MORE: U.S. Olympic roster now over 200 athletes; full list

In slopestyle, Christensen’s Sochi podium mates Gus Kenworthy and Nick Goepper earned automatic Olympic spots earlier this month.

World champion McRae Williams and Alex Hall got the nods for two spots picked by a committee on Monday. They ranked Nos. 3 and 4 behind Kenworthy and Goepper in Olympic qualifying standings, while Christensen was eighth.

Sochi women’s slopestyle silver medalist Devin Logan became the first American to make an Olympic team in two different freestyle skiing events — slopestyle and halfpipe.

In aerials, 2017 World champions Ashley Caldwell and Jonathon Lillis were added to the team Monday. So were Mac BohonnonEric Loughran and Madison Olsen.

Kiley McKinnon was the only aerialist to automatically qualify earlier this month.

Caldwell is going to her third Olympics. She finished 10th in 2010 and 2014, competing in the former as the youngest U.S. athlete across all sports as a 16-year-old.

Last season, Caldwell added her first world title to a resume that already included six World Cup victories and the 2016 World Cup season title. She finished third, seventh, ninth, 13th and 31st in five World Cups so far this season.

Lillis, 23, is going to his first Olympics. He won last season’s world title in a huge surprise, having never won a World Cup event (and only finishing on the podium once before). He has a best finish of sixth in six World Cup events this season.

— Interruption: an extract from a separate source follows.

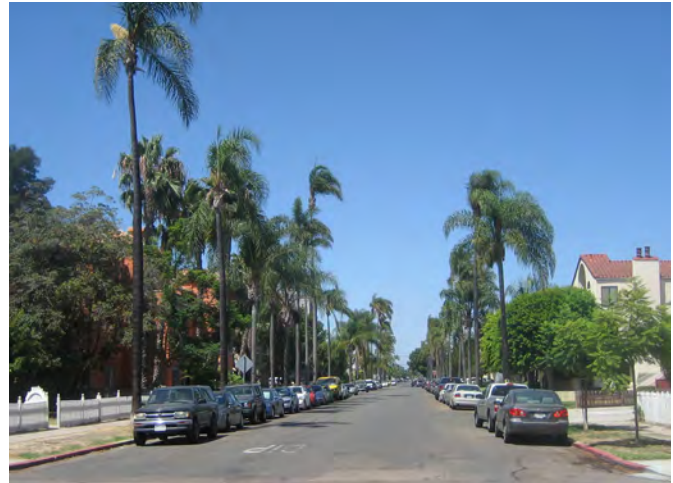
Third Avenue in Park West is characterized by a generous width and lined with palm trees.

McKinnon and Bohonnon swept the World Cup season titles in 2015. They also went to elementary school together in Connecticut.

Six of the eight halfpipe skiers qualified earlier this season. The additions Monday were Annalisa Drew and Aaron Blunck, who were the top performers from Olympic qualifiers who didn’t clinch automatic spots.

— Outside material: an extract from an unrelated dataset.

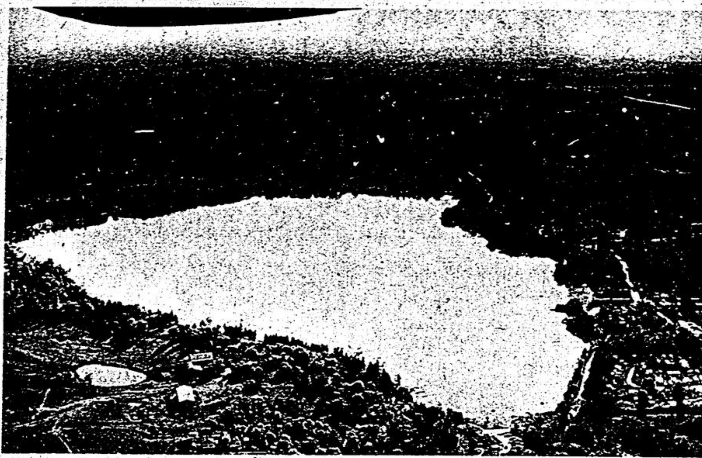
Musselman's Lake from 1,000 feet up

The halfpipe team is the exact same as in Sochi except for Alex Ferreira replacing Lyman Currier.

Maddie Bowman and David Wise are the defending Olympic gold medalists from the event that debuted in Sochi.

Of the eight moguls skiers, only Brad Wilson has Olympic experience, finishing 20th in Sochi.

The top medal hope is Jaelin Kauf, a 21-year-old daughter of two moguls skiers. Kauf qualified automatically for the Olympic team earlier this month and leads the World Cups standings.

Andringa is a great story. The 22-year-old lived in a tent with his brother in Steamboat Springs, Colo., this summer to supplement training costs. He raced World Cup for the first time on Jan. 6 and placed seventh and fifth in his first two starts to earn a spot on the team.

The top U.S. moguls skier the last two Olympics — Hannah Kearney — retired in 2015.

The U.S. is not sending a ski cross racer to the Olympics for the first time. The event debuted in 2010, and the U.S. has never earned a medal.